▸ **SUPPLIED INFORMATION**

*** Begin section ***

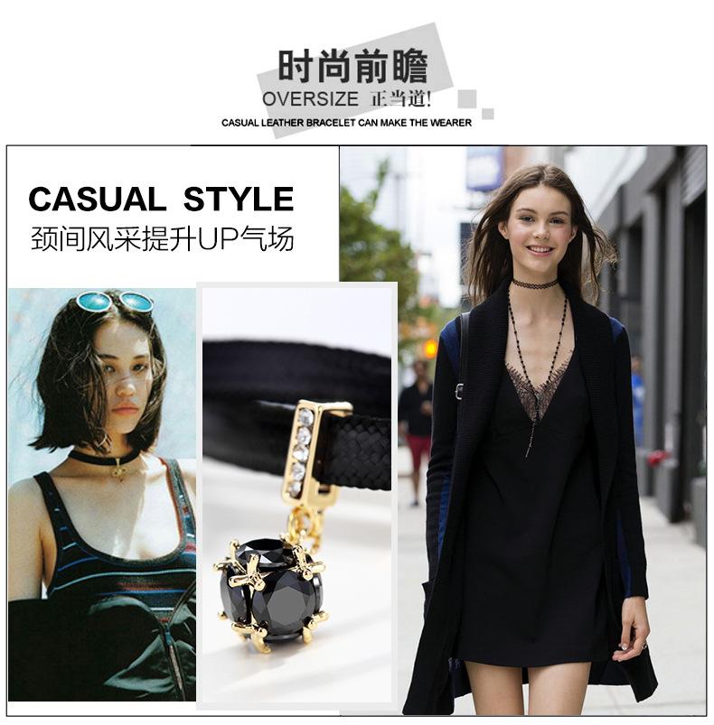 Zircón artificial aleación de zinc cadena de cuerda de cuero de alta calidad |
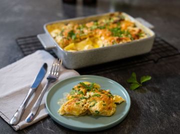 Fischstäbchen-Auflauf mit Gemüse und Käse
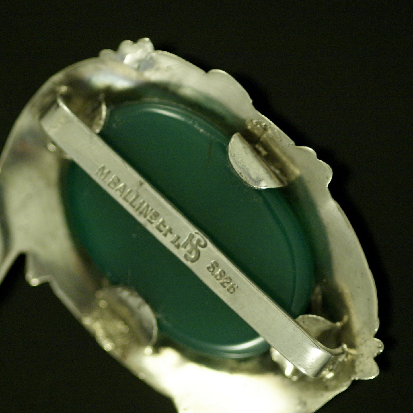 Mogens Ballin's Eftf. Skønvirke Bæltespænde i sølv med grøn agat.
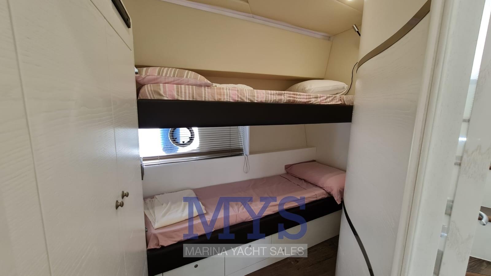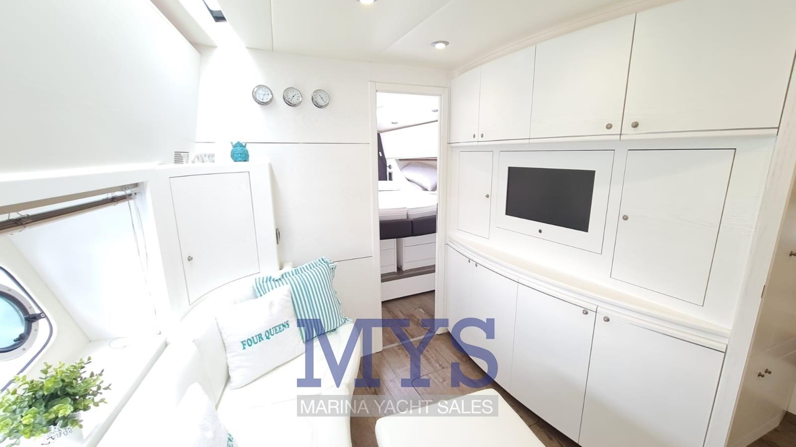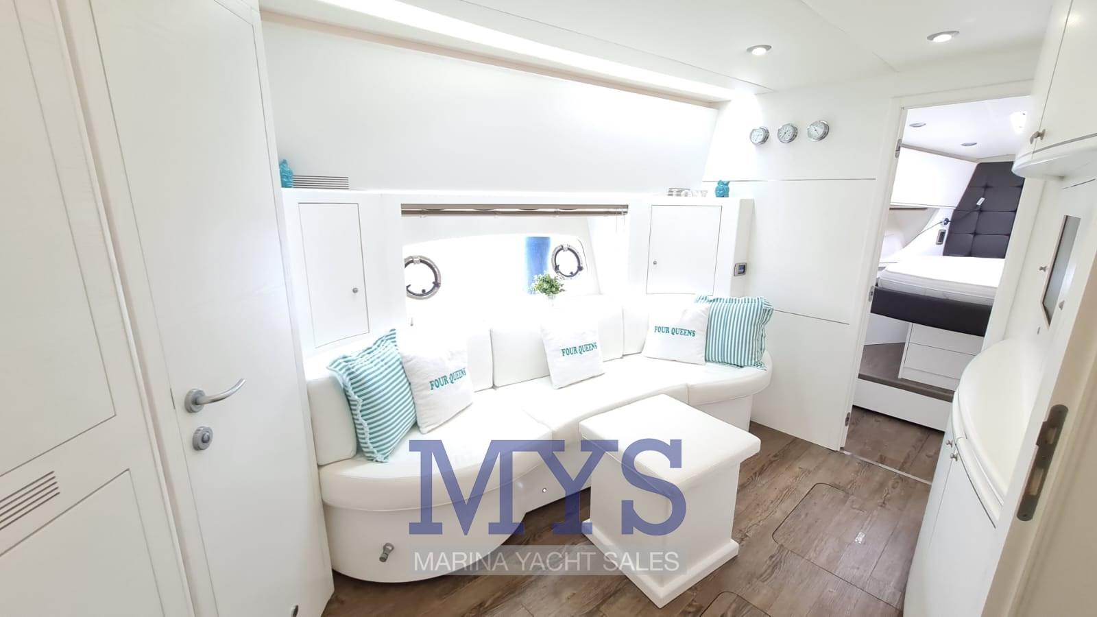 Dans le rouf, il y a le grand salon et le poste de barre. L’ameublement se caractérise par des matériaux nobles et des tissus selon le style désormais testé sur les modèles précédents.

*** End section ***
*** Begin section ***

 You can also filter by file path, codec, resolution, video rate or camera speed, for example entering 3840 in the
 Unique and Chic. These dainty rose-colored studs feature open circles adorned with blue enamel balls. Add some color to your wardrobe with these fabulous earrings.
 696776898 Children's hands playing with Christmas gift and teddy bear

*** End section ***
*** Begin section ***

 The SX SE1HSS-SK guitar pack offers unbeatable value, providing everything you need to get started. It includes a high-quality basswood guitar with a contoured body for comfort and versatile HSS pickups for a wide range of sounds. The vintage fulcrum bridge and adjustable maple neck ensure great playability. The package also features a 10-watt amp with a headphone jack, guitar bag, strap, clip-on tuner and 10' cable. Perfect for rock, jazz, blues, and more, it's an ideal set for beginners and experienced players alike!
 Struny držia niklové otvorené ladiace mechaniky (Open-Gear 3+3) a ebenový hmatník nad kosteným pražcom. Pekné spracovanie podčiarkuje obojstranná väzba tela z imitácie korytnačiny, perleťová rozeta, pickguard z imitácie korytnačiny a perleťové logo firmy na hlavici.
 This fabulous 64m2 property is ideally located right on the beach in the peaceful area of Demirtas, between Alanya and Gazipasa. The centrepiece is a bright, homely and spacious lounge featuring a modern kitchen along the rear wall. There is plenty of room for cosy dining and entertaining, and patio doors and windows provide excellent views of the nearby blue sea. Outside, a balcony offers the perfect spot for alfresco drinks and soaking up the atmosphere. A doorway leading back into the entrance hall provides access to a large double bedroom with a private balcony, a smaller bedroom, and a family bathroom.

*** End section ***

▸ **EXERCISE GOAL**
Among the entries above, take the line with "Mogens Ballin's Eftf.", the line with "Dans le rouf, il", and all the lines between them, and restate them word for word without pictures.

▸ **SOLUTION FOR THIS PROBLEM**
 Mogens Ballin's Eftf. Skønvirke Bæltespænde i sølv med grøn agat.
 Dans le rouf, il y a le grand salon et le poste de barre. L’ameublement se caractérise par des matériaux nobles et des tissus selon le style désormais testé sur les modèles précédents.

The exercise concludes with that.